Pictures in the data should be dropped; transcribe exactly the lines from the one that has "- PERFECT DESIGN: These" through the one that has "Djangoでのユニットテス".

Stored dataset items:
Start of Block
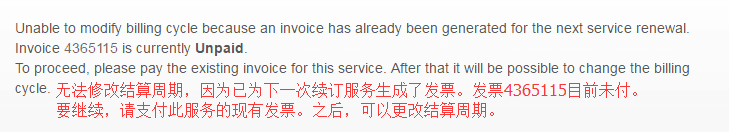 5、注意。也有可能你点击修改VPS付款周期时没有进入到更改页面,而是显示如下内容。表示已经生成了付款订单,你需完成支付此次订单后才能修改结算周期。
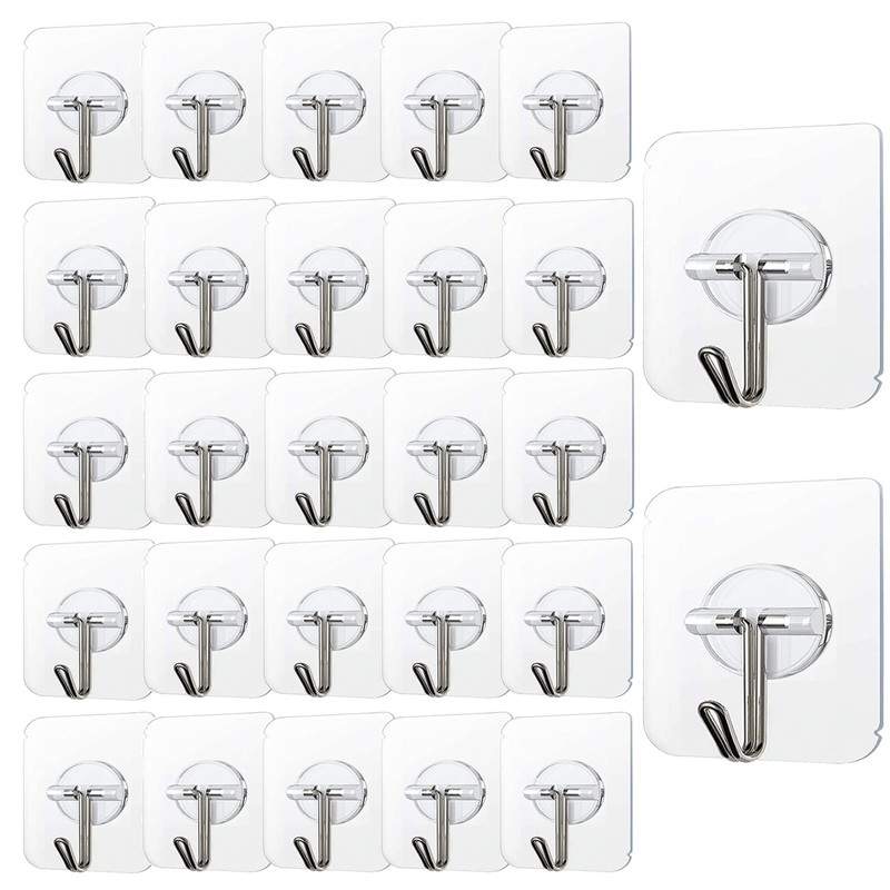 - PERFECT DESIGN: These adhesive Hooks are made of solid stainless steel and PC construction, ensuring quality and longevity. Stylish transparent design makes it almost invisible which is quite suitable for nice home decoration.
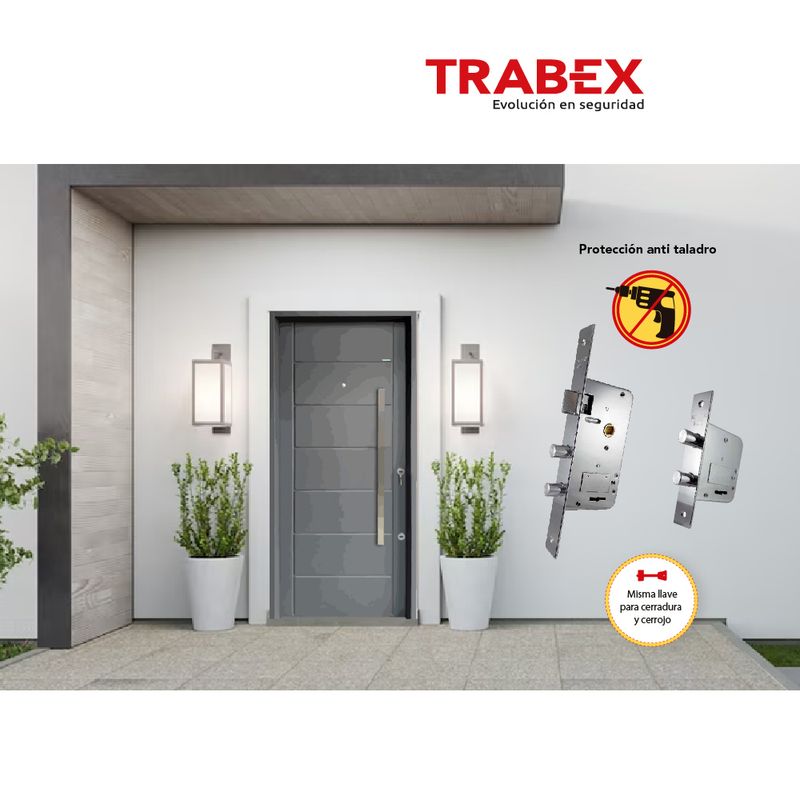 Protegé tu casa con este kit de seguridad Trabex, que combina cerradura y cerrojo de super seguridad, ambos en acero y con la comodidad de abrirse con la misma llave.
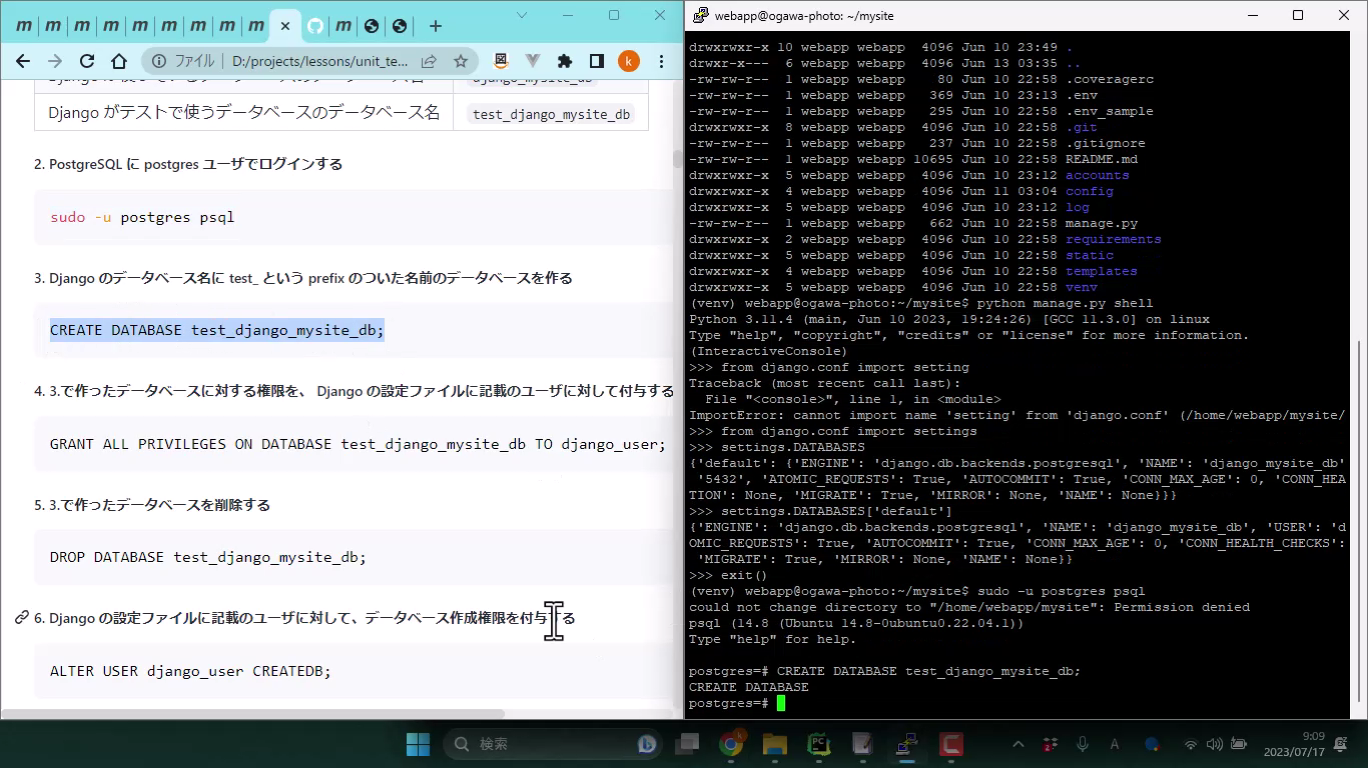 Djangoでのユニットテスト-サーバでのテストデータベースにかかわる権限の設定
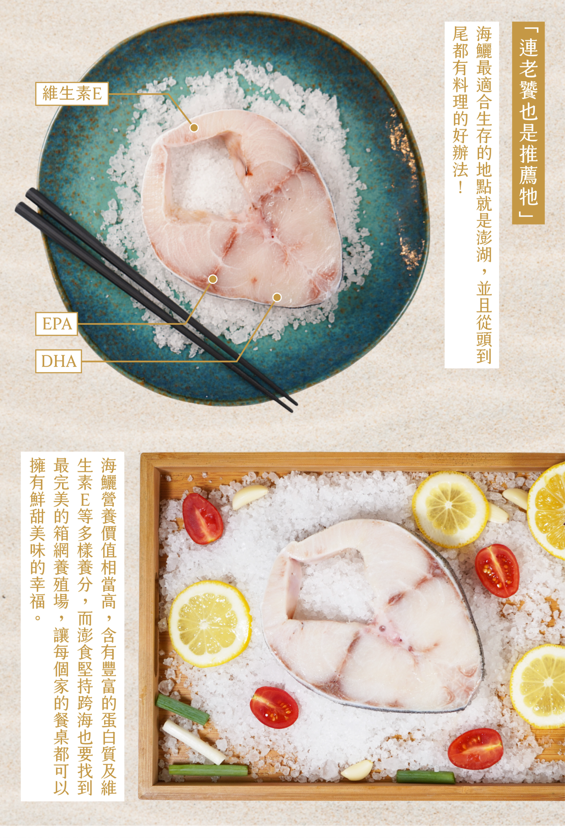 澎湖優鮮認證,保證澎湖產,加上使用急速冷凍的方式,因此海鱺輪切可以及時鎖住新鮮和營養,大份量的輪切方式,最適合一家人一起享用!!外海箱網養殖,魚肉的口感更不在話下,鮮嫩無土味,只需一口便彷彿置身在澎湖。
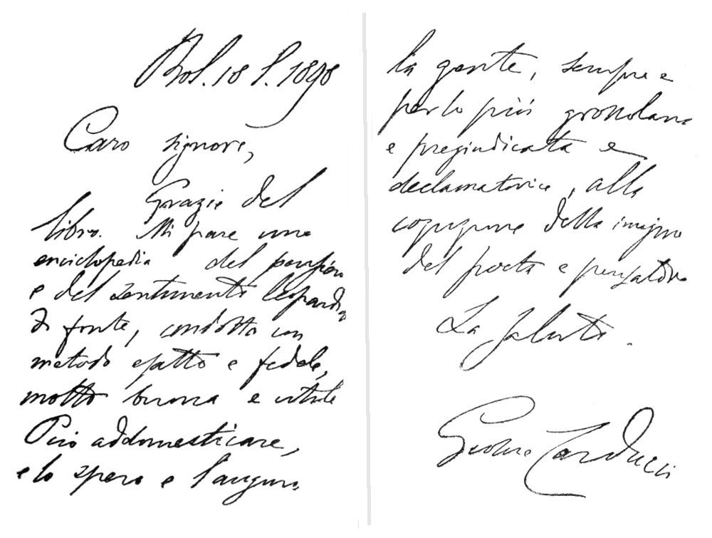 Grazie del libro. Mi pare una enciclopedia del pensiero e del sentimento leopardiano di fonte, condotta con metodo esatto e fedele, molto buona e utile.
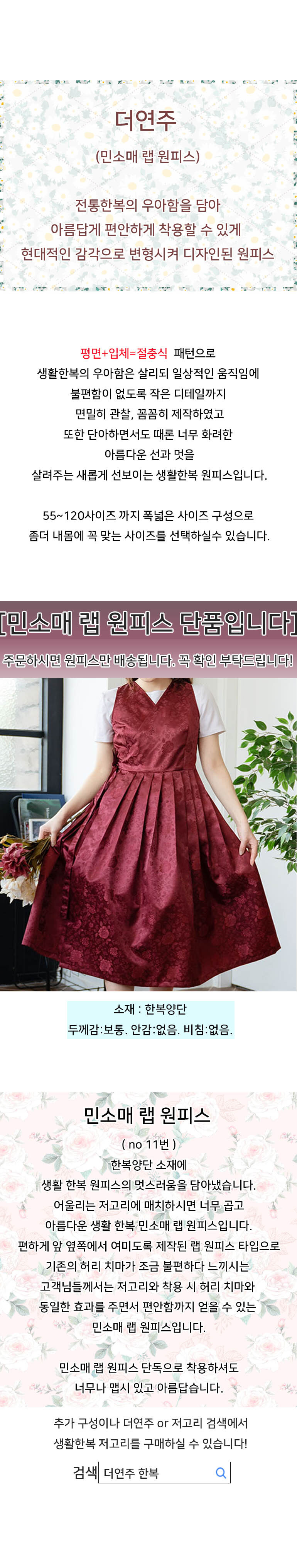 HOME > 여자 생활한복 > 민소매 원피스 > 민소매 랩원피스(11번)
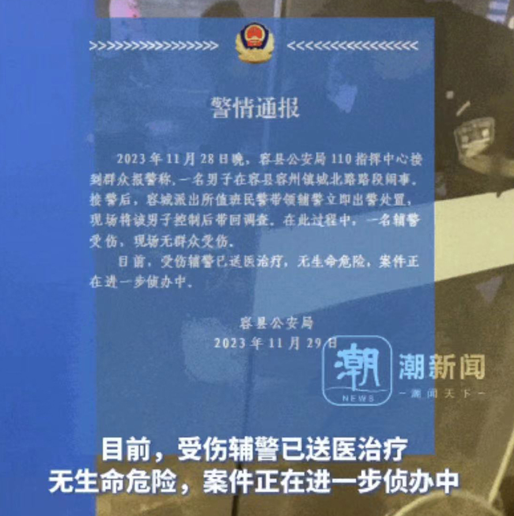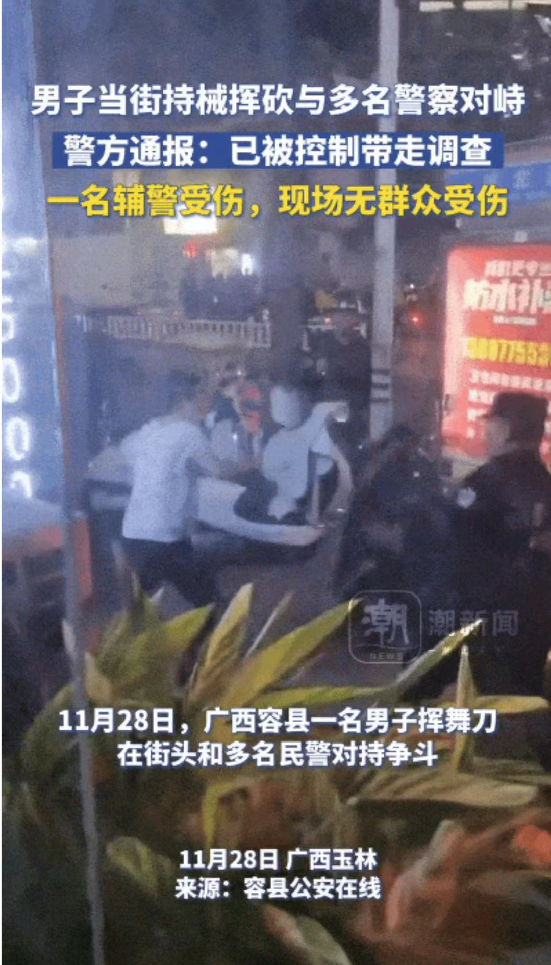 盾牌及长矛等警械才将男子制伏。随后11月29日凌晨,广西容县公安局发布警情通报。
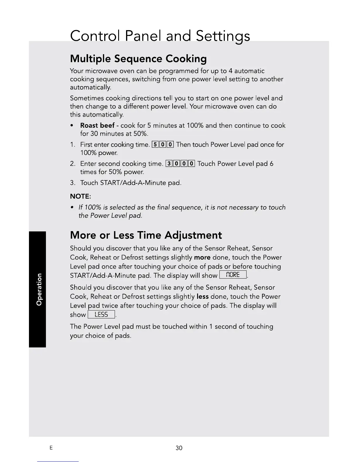 Viking RVM320SS - Multiple Sequence Cooking; More or Less Time Adjustment
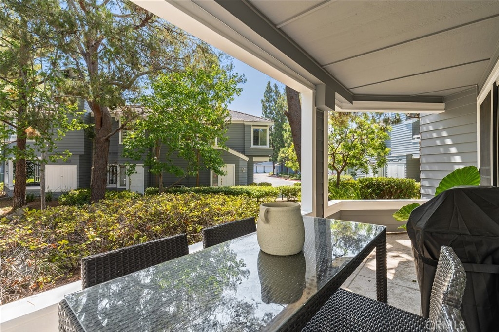 Newport Beach living at its finest in this stunning remodeled, single-story townhome in the private, gated community of Bayridge! Beauty and convenience come together in this quiet and secluded end-unit surrounded by lush landscape and just minutes away from award winning schools, Back Bay hiking/cycling trails, UCI, JW Airport, CDM beaches, and the fine dining/shopping of Balboa & Fashion Island. Enter through the living room into this bright, light open floor plan with 9’ foot ceilings, 6’ baseboards, new laminate flooring, a cozy fireplace, expansive windows and a patio door that creates a spacious and inviting atmosphere that opens to an outside covered deck in a serene setting - perfect for dining alfresco and entertaining. The remodeled gourmet kitchen is equipped with black granite counters, stainless steel appliances, rich wood cabinets, storage space, a breakfast bar and travertine floor tiling that leads into a separate indoor laundry room. Master bedroom features dual mirrored closets and an en-suite bathroom with double vanity granite counters, travertine tiling in the double sized shower. The secondary bedroom is generously sized and adjacent to the full hall bathroom. Additional features include an attached one-car garage, plus unattached additional one-car garage, new windows, new lighting and paint. Community amenities include a sparkling pool and spa that are just steps away.
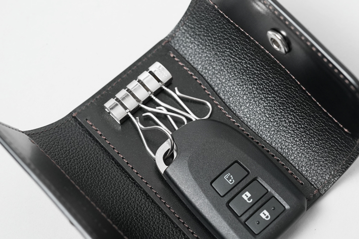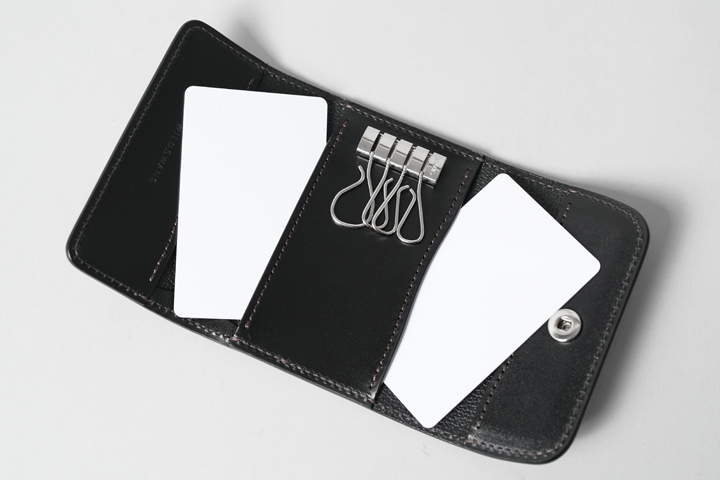 収納する鍵の数や大きさ、カードの枚数によって容量は前後します。スマートキーなどはカラビナキーリングなどの金具パーツなどを介してハトメに装着したままぶら下げることもできますので、フラップが閉じない場合は無理に閉じようとせず、収納方法を変えてお使いください。
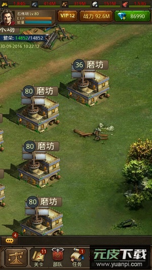功能:提高粮食产出效率;每提升10级城镇中心,可增建一座磨坊。
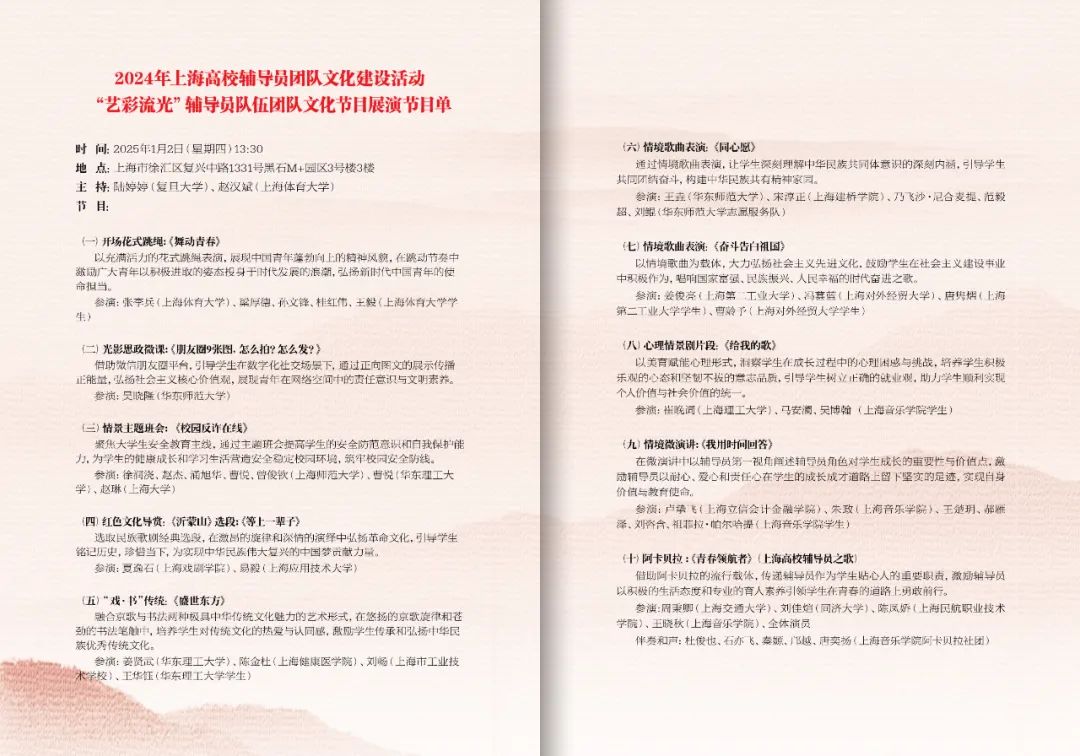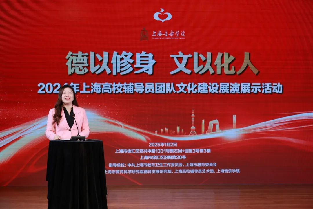 为深入学习贯彻党的二十大、二十届三中全会和全国教育大会精神,推动高校辅导员队伍专业化职业化专家化发展,进一步提升高校辅导员文化修为和美育素养,2025年1月2日,由中共上海市教育卫生工作委员会、上海市教育委员会指导,上海市教育科学研究院德育发展研究院、上海高校辅导员艺术团、上海音乐学院主办的“2024年上海高校辅导员团队文化建设活动团队文化建设展演展示活动”在上海音乐学院所在的衡复音乐街区举行。本次活动围绕“德以修身,文以化人”主题,吸引了沪上高校百余名辅导员齐聚上音,共同探讨以文化艺术手段增强思政教育吸引力、感染力的创新路径。上海市教委德育处处长朱敏、上海音乐学院党委副书记徐卫、各高校学(研)工部相关负责同志及辅导员代表近百人出席活动。活动由院党委学生(研究生)工作部部长欧阳佳沁主持。 徐卫结合学校办学实际,指出学校以“音乐+思政”为突破口,充分发挥学科专业优势,推出“行走的音乐思政”“音乐党课”等思政品牌,带动实现讲台与舞台相融合、思政与业务相融合、课程思政与艺术创作相融合。通过一系列举措,在“德艺双馨”拔尖创新人才培养上取得了显著成效;勉励辅导员老师通过优秀文化艺术涵养自身品德修为,提升自我鉴赏力和综合素质,探索思政育人新方法,以增强思政工作的亲和力、感染力和吸引力。 朱敏在讲话中对上海音乐学院及各参演参展团队为筹办此次活动所作的努力给予了高度评价,并结合上海市教委新发布的《全面加强新时代高校辅导员队伍建设专项行动实施方案》同与会师生进行了深入交流。朱敏激励辅导员老师牢记“矢志忠诚、立德树人、敬业爱生、明理笃行”的上海高校辅导员核心价值取向,以立德树人播撒初心火种,以强化“内功”守护青春力量,为培养肩负民族复兴重任的时代新人作出新的贡献。 本次辅导员团队展演展示活动由“艺彩流光”节目展演和“书香雅卷”作品展示两部分构成,来自复旦大学、同济大学、上海交通大学、华东师范大学、华东理工大学、上海音乐学院、上海戏剧学院等沪上高校共同参加。活动设计注重创新性和交流性,在一动一静的艺术交错中探索辅导员以文化艺术形式赋能思政工作的创新路径,共同感悟“德行”之高远与“文化”之深厚。 “艺彩流光”团队文化节目展演展现了上海高校辅导员们深厚的文化素养和昂扬的精神风貌,展示让传统文化与现代生活对接,体现了辅导员对马克思主义“魂脉”的坚守和对中华优秀传统文化“根脉”的传承。通过树立爱国主义情怀、铸牢中华民族共同体意识、弘扬传统文化精神、增强心理健康、提升安全防诈意识等思政点,载以光影微课、主题班会、主题党日、微演讲、情景歌舞表演等多样化形式,从宏观到微观,从整体到局部、从团体到个人,以美育人、以美化人、以美培元,通过优秀文化艺术涵养辅导员品德修为,提升自我鉴赏力和综合素质,探讨“德”与“文”如何在思政工作中实现“润物细无声”。 “书香雅卷”文化作品在上海音乐学院“音乐城堡”展出,展览通过绘画、摄影、书法等表现形式展示思政工作铸魂育人成效,体现了近年来辅导员队伍团队文化建设成果。在书法展区,辅导员老师的书法作品或工整、或洒脱,展现出独特的艺术魅力;绘画展区既有传统国画的细腻笔触,也有现代风格的创意表达;摄影展区由一张张精美的图片组成,记录了辅导员思政工作中的点滴美好和精彩瞬间。随后,学校还组织辅导员老师前往“城市会客厅”“东方乐器博物馆”和“美育楼”等淮海路校区历史保护建筑参观。 未来,在上海市教卫党委、市教委指导下,上海音乐学院将继续发挥专业特长和学科优势,开展更多创新性的交流研习研讨活动,以沉浸式美育体验与理论研修助力辅导员文化艺术素养提升,助力上海高校辅导员队伍建设专业化发展,推动沪上高校开创思政工作新局面!
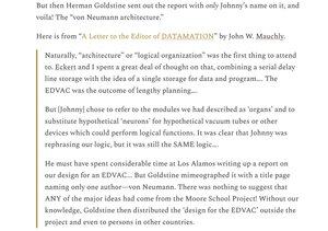 有趣的是,约翰·冯·诺依曼并没有发明冯·诺依曼架构。赫尔曼·戈德斯坦只是把约翰尼的名字放在了报告上。
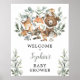 Este sinal de boas-vindas ilustra aquarelas moles, vegetação sensual e doces animais florestais. Perfeito para um chá de fraldas/aniversário neutro em termos de gênero.
End of Block
## [Solution for this exercise]
 - PERFECT DESIGN: These adhesive Hooks are made of solid stainless steel and PC construction, ensuring quality and longevity. Stylish transparent design makes it almost invisible which is quite suitable for nice home decoration.
 Protegé tu casa con este kit de seguridad Trabex, que combina cerradura y cerrojo de super seguridad, ambos en acero y con la comodidad de abrirse con la misma llave.
 Djangoでのユニットテスト-サーバでのテストデータベースにかかわる権限の設定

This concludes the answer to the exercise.